The Swedish academy statement reads, "Carbon, the basis of all known life on earth, has surprised us once again." The thin flake of carbon, the duo created in 2004, just as thick as an atom is exceptionally strong and it conducts electricity like copper. It's transparent and outperforms any other material in heat conduction. Such properties enable it to surpass silicon as the basis for computer chips and create a host of new materials that could alter the present-day touch screens to solar cells. The graphene components could be packed more closely on a chip than silicon, making it smaller and efficient. The potential miniaturization could even surpass the world of nano technology.

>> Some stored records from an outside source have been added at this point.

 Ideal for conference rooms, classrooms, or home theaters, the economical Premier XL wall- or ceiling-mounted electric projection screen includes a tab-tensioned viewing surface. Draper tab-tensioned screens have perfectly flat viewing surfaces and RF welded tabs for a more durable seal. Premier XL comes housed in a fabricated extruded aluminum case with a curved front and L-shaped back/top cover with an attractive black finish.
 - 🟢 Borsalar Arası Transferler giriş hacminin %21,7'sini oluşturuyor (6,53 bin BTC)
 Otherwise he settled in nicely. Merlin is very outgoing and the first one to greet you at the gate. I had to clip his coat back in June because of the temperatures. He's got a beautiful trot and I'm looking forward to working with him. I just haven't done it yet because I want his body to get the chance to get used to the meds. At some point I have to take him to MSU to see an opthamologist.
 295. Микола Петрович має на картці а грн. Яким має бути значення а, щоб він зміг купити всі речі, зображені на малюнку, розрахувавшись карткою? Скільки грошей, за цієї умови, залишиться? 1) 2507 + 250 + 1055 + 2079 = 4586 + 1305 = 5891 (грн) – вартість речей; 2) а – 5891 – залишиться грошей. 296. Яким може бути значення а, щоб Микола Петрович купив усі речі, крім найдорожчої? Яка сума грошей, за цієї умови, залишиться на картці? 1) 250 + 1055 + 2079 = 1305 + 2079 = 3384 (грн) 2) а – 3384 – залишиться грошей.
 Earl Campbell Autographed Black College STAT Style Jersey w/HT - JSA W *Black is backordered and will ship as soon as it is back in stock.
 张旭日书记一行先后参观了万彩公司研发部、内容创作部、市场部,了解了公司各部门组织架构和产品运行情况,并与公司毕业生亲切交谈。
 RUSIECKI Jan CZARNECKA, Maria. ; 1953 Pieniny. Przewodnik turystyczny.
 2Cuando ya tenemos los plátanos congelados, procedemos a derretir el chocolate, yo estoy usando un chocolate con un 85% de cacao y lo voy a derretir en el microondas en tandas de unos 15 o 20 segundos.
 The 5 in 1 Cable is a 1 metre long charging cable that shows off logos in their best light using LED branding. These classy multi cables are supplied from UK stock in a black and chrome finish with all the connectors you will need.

The negligible thickness of the graphene makes it appears like a two dimensional lattice of atoms. Many thought that it was practically impossible to create such ultra-thin materials. But Andre Geim and Konstantin Novoselov originally used adhesive tape to rip off Graphene layers from graphite, another form of carbon most commonly used in pencils.Thus the sticky tape and pencil generated a wonderful material that has a variety of practical applications. This exotic material will also help the scientists to study the pure theoretical foundations of physics such as Quantum weirdness. The graphene provides an opportunity to study the layer of atoms in a way that was impossible in the recent past.

The carbon nano tubes and bucky balls, both are different versions of carbon atom arrangements, have already surprised the scientists with their unusual properties. The graphene, the latest addition from the carbon family, has exhibited something previously unknown to science -- so thin, yet so strong and conducting. Even the creators of graphene can not fully comprehend what it will bring.